Fernando Savater, Philosopher, Activist, and Writer
Fernando Savater is a Spanish philosopher, activist, and writer. He attended the Forum on November 11, 2010, where he began by talking about citizenship, followed by secularism, the crisis of values, and tolerance.
Citizenship is based on rights and obligations. There are guarantees that protect the exercise of both, but there’s also an ethical profile, a moral profile that guides citizenship, putting the future ahead of the past. Citizenship is based on where we are going together, not where each of us comes from individually. Greek democracy itself began when the first tyrants swept away the past, and only the idea of a shared future mattered. Laws and regulations that we accept to face the future create the profile of a citizen. The presence of the past conditions and distorts the present of citizens. There are certain requirements for this. Tolerance is the acceptance that in a free society, we will always coexist with what we don’t like. Laws don’t solve moral problems; laws create a framework where different morals coexist. The government is not here to make citizens good; it’s here to create frameworks within which conflicts and legal issues are resolved.

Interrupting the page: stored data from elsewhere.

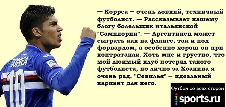 Перейдя в не самый приметный клуб Италии Корреа своей игрой добился интереса со стороны топ-клубов и вошел по итогам этого сезона в олимпийскую сборную Аргентины, так что уже в начале августа мы вероятно увидем этого футболиста на полях в Бразилии, где, напомним, сборная Аргентины сыграет с Португалией, Гондурасом и Алжиром.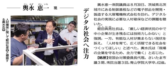 2024年9月8日の公明新聞に掲載されました。 (衆院選比例北関東ブロック(定数19) 党予定候補)現場へ動き、声を聴く/輿水恵一 現/デジタル社会へ注力
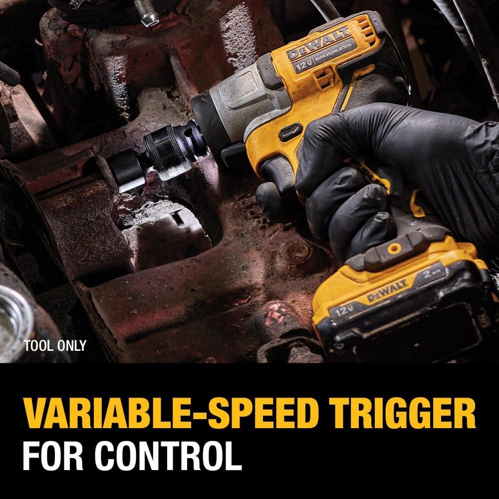 - Includes DCF902B 12V MAX Brushless 3/8-in impact wrench, two DCB122 12V MAX batteries with state of charge indicator, DCB112 12V and 20V MAX charger, belt clip and a kit bag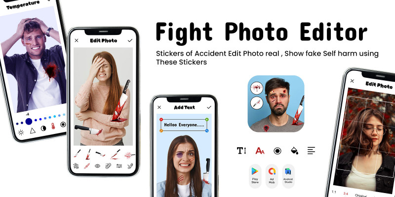 Fight Photo Editor- Android. Add bloody wounds, bruising, blood sprays and fight blood on photo easy and free with awesome Fight Photo Editor.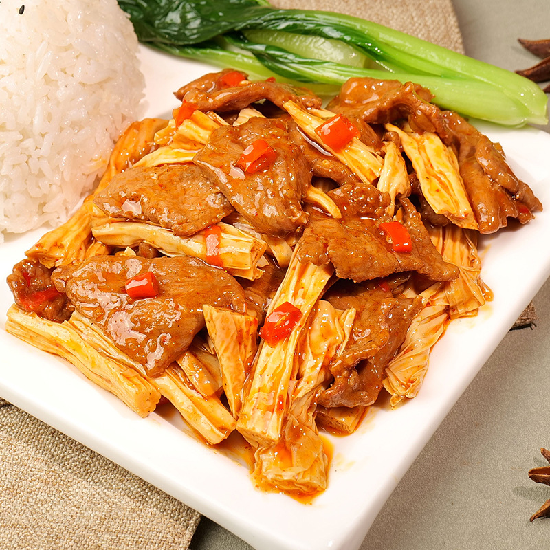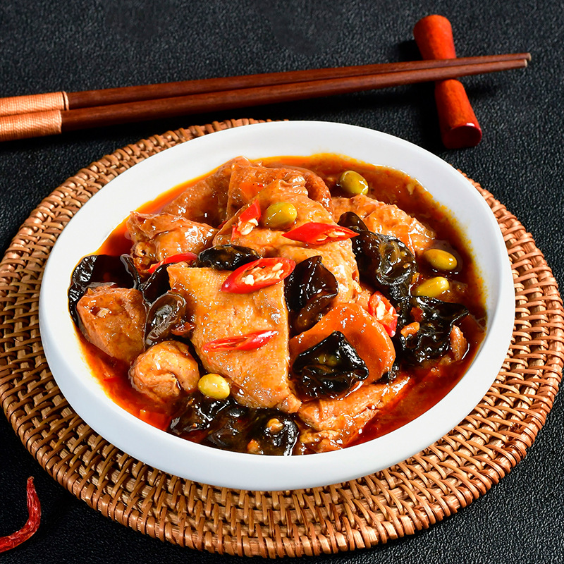 Баклажаны с рыбным вкусом и фаршем свинины, 200 г/пакет; Свинина в рыбном соусе, измельчённая, 200 г/пакет; Дишаньсянь 200 г/пакет; Тушёная свинина в гонконгском стиле, 160 г/пакет; Свиная мясо, обжаренное на острой приправе, 200 г/пакет; Жареная говядина 160 г/пакет; Гриб шиитаке и курица, 200 г/упаковка; Премиальная тушёная свинина с маринованными овощами, 200 г/пакет; Тигровый перец 170 г/пакет; Сладко-кислые свиные ребрышки 200г/пакет; Домашний тофу 200 г/пакет; Картофель с говядиной, 220 г/пакет; Острая свинина в рубашке, 180 г/пакет; Нарезанная свинина с винным перцем, 170 г/пакет; Гелешан Острая Курица 180 г/упаковка; Маринованная капуста и мясные ломтики 180 г/пакет; Бразильское барбекю 200 г/пакет; Юба тушёная свинина 200 г/пакет; Заварная горчица и шинкованная свинина 200 г/пакет; Сычуаньские и Хунаньские копченые ломтики свинины, 200 г/упаковка; Острый картофель с говядиной, 200 г/пакет; Куриные ножки с острой приправой, 3 штуки в упаковке; Острая жареная свинина 160 г/пакет; Куриной котлеты с карри, 200 г/пакет; Тушёная свинина 180 г/пакет; Курица Кунг Пао 200 г/пакет; Сладко-кислая свинина 180г/пакет; Тушёные свиные ребрышки 200 г/пакет; Свинина по-фермерски, жареная, 180 г/пакет; Тушёная свинина 160 г/пакет; Острые хрустящие кости 150 г/пакет; Пивная утка 180 г/пакет; Горячая и кислая курица (солёные бобы) 180 г/пакет; Курица с сичуанским вкусом, 200 г/пакет; Свиная мясо высшего сорта, тушёное, 180 г/упаковка; Куриные полоски с черным перцем, 180 г/пакет; Курица в коксе 180 г/пакет; Тушеная курица 200 г/пакет; Смесь для жарки курицы 180 г/пакет; Тушёная жирная колбаса (соевая) 180 г/пакет; Жареное мясо с вкусом говядины, 180 г/пакет; Эдамаме и соус из нарезанного мяса, 200 г/пакет; Жареная курица из местного хозяйства, 180 г/пакет; Копчёные куски свинины, 220 г/пакет

Secularism is essential in democracy. In Spain, there is still a belief that the State must be configured according to tradition, loyalty, and customs. If it’s not, it becomes a grievance. We live in a free society, which means we’ll share our space with people who have different life choices. That seems difficult to achieve. Regarding civic education, in a democracy, there can be diverse values, but the predominance of democratic ideology must be there. We need to educate children in this sense.
Secularism is an effective neutrality of public institutions toward private beliefs. Any private belief is a right of each person, but it’s not anyone’s duty. No matter how widespread a belief is, it’s not a societal duty; it’s a right of the individual who holds it. Secularism acknowledges this reality. Human beings need to share a common denominator: laws, the constitution, etc. Otherwise, coexistence would be impossible.
Beyond that, everyone walks their own paths. The danger of heavily ideological societies is that they sway because there’s no secularism. The problem is that established beliefs and values see any reduction in their influence as an attack from another perspective. The State’s prohibitionist desire, the idea that the State must guarantee everyone’s health, demands that the State moralizes public life. The idea of saving people from themselves is paradoxical. People who need medical help often don’t receive it, but the State intervenes in healthy people’s lives.
The crisis of values doesn’t truly exist. Values always emerge in crises. Protests against those who don’t uphold values always arise. We should ask people when they don’t believe there’s a crisis of values. Values like truthfulness versus lying, courage versus cowardice—these are some of the values, even if we can’t always uphold them.
Our society is more diverse, more varied than in other times. Clothing diversity, behaviors, elements like the internet, promote diversity. Humans like to be normal. What unsettles us in contemporary societies is that we don’t know whom to resemble. When you share values with others, there are no issues. But when the person in front of you holds different values, that’s when you question it. The intolerant person isn’t confident in their values. When they see others don’t share them, it makes them uncomfortable. They want everyone to behave the same way so they don’t have to question themselves. That’s why similarities, affiliations are sought. The internet is full of such groups. Diversity itself requires greater understanding and effort. A heterogeneous society demands more effort than a homogeneous one.